MacKay Shields Introduces Bond Strategy CITs

Investment Manager MacKay Shields LLC is expanding into the U.S. retirement market by delivering new investment opportunities for qualified defined contribution retirement plan sponsors.

MacKay will act as adviser to two SEI Trust Company sponsored collective investment trusts (CITs), implementing MacKay’s Core Plus Bond and Unconstrained Bond strategies.

“As the retirement market and the investment landscape continue to evolve, we see participants and sponsors looking for key ways to diversify their portfolios with well-established core fixed income strategies along with alternatives to traditional fixed income strategies. To help defined contribution investors meet their objectives, we believe that our Core Plus and Unconstrained Bond strategies are well-positioned to deliver attractive risk-adjusted returns,” MacKay told PLANADVISER.

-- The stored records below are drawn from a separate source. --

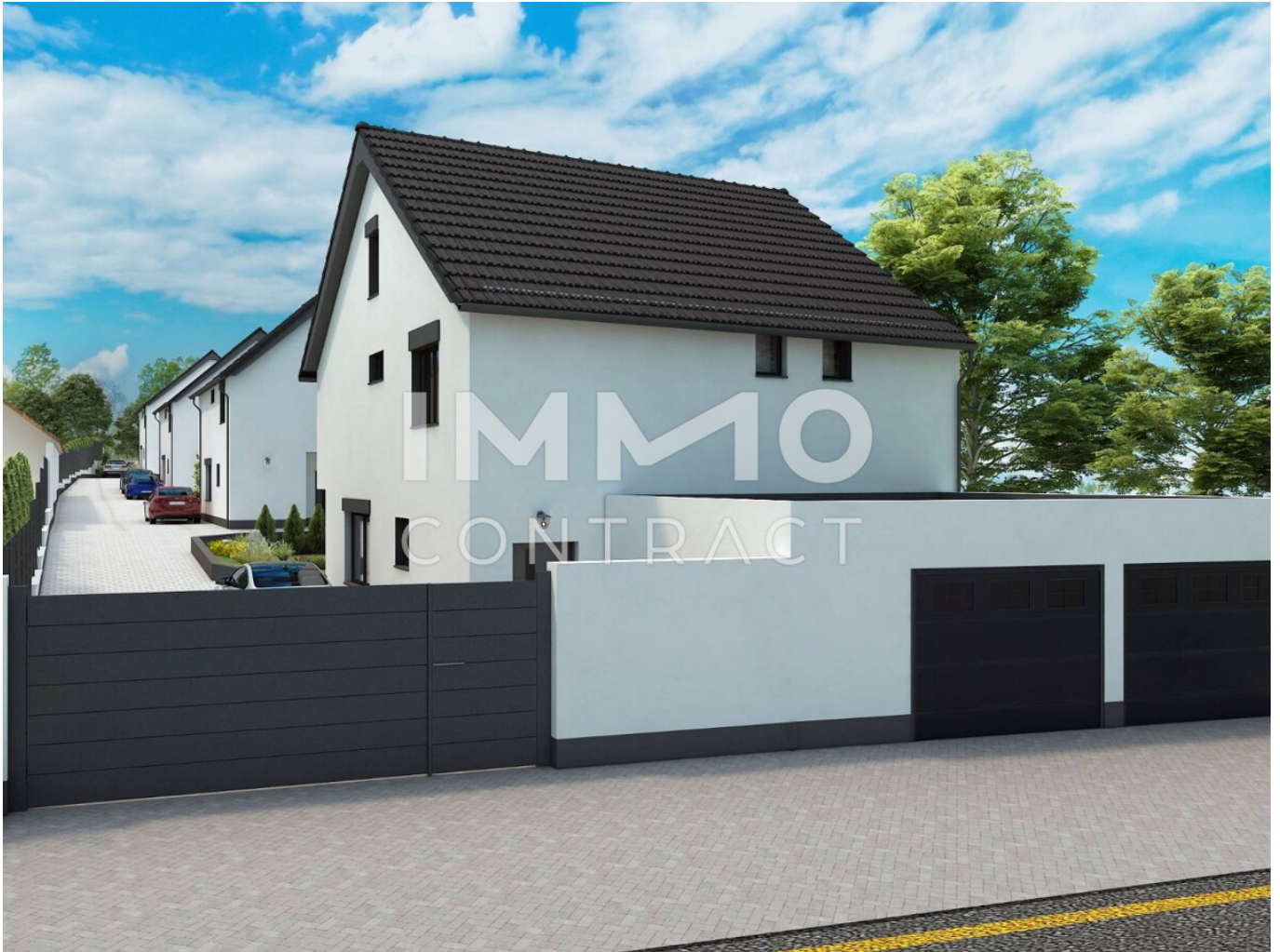
Straßenansicht Haus 1
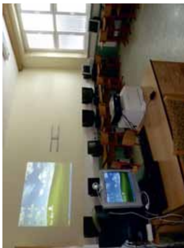
Počítačová učebňa v hlavnej budove
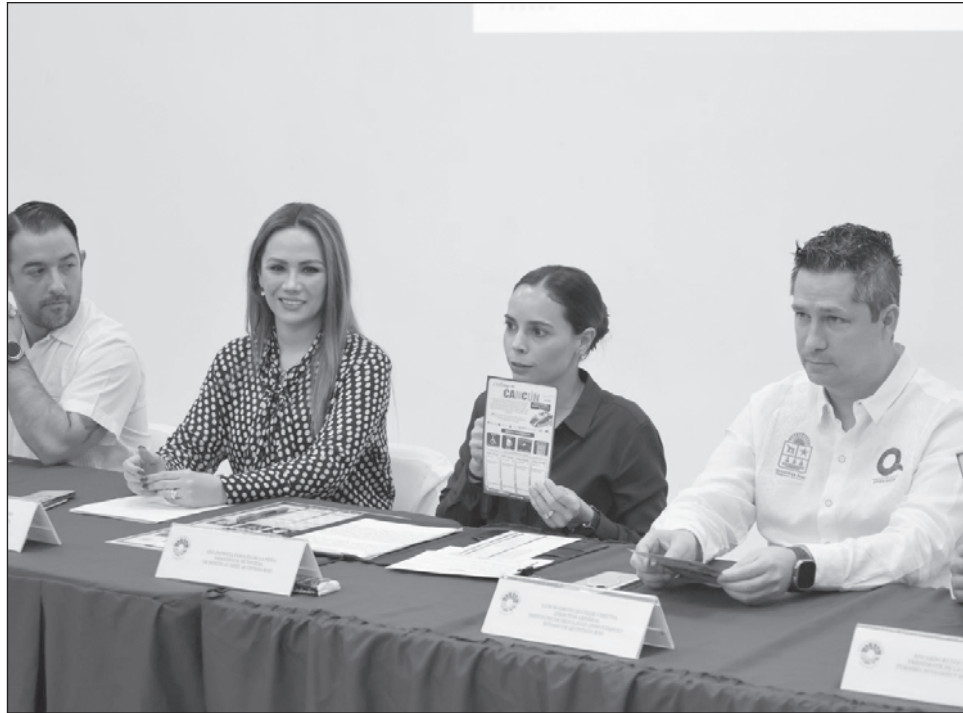
▲ El tarjetón turístico permitirá disminuir las quejas recibidas por parte de los visitantes que se encuentren en Cancún, y se espera que otros municipios lo implementen.

Exhortó a los arrendadores a brindar su apoyo para que este programa cumpla su propósito, que hagan de conocimiento a todos los turistas que cuen-
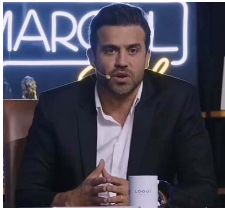
Pablo Marçal (PRTB): 'Sou cabeça de chapa'
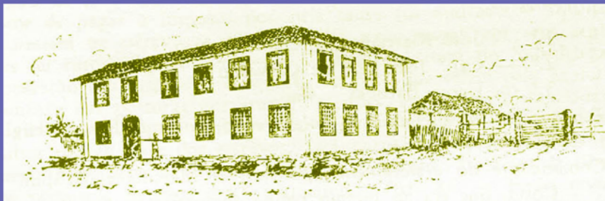
Cadeia Velha, 1885

A extensão do Municipio é de 55 kilometros de
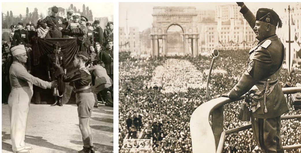
El Duce en diversos actos públicos

Poco a poco va transformando el Estado y haciéndolo cada vez más totalitario: manipula la ley para poder ganar las elecciones de 1924 y asesina al diputado Mateotti , disolviendo las Cortes a continuación. En 1925 se institucionaliza el Partido Único y promulga la Leyes Fascistísimas que totalitarizan definitivamente el Estado, comenzando el culto a la personalidad del Duce. La economía se rige por el corporativismo, consistente en la reunión de patronos y trabajadores en una misma corporación, esto, obviamente, enriquecerá a los primeros. Las relaciones patronos-obreros, establecidas mediante la Carta del Lavoro de 1927 están marcadas por el paternalismo. Con la Iglesia, el Estado Fascista mantendrá excelentes relaciones. La expansión por Etiopía aislará al país internacionalmente y le empujará a la autarquía. Italia se acercará cada vez más a la Alemania Nazi.
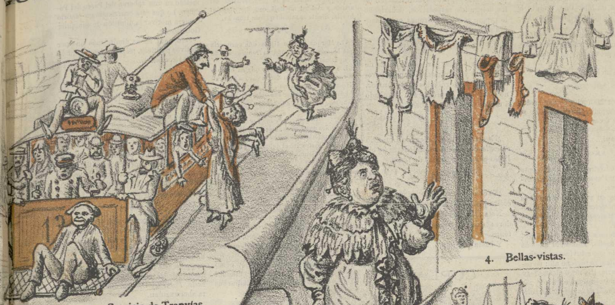
3. Servicio de Tranvías.
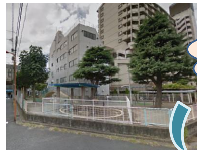
既製品の遊具では物足りない。 自ら設計したオリジナル遊具 で児童遊園をリニューアル
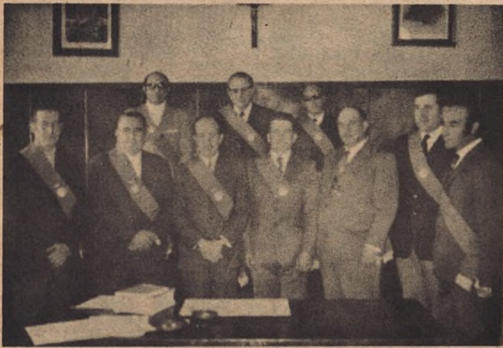
El nuevo ayuntamiento gallurano en el acto de su constitución.

♦ TOMARON POSESION DE SUS CARGOS LOS CONCEJALES ELECTOS

The MacKay Shields Core Plus Bond CIT aims to deliver returns by opportunistically identifying investments in global developed and emerging markets as well as high yield debt securities. The MacKay Shields Unconstrained Bond CIT employs a flexible investment process that allocates investments across the global fixed income markets. MacKay Shields has been managing these strategies via mutual funds and separate accounts since 1999 (Core Plus Bond) and 2009 (Unconstrained Bond).

Defined Contribution plans can get access to the Core Plus and Unconstrained strategies through SEI and their partnerships with recordkeeping platforms or MacKay Shields and NYLIM (New York Life Investment Management), the company said.

“Collective investment trusts have emerged as a key vehicle for plan sponsors moving from the defined benefit to the defined contribution model,” says John Akkerman, MacKay’s Global Head of Distribution. “We at MacKay Shields are committed to meeting institutional investors’ needs as the retirement market continues to evolve, and we believe that collective investment trusts implementing our established fixed income strategies will create new opportunities for plan sponsors as they continue to adopt the defined contribution model.”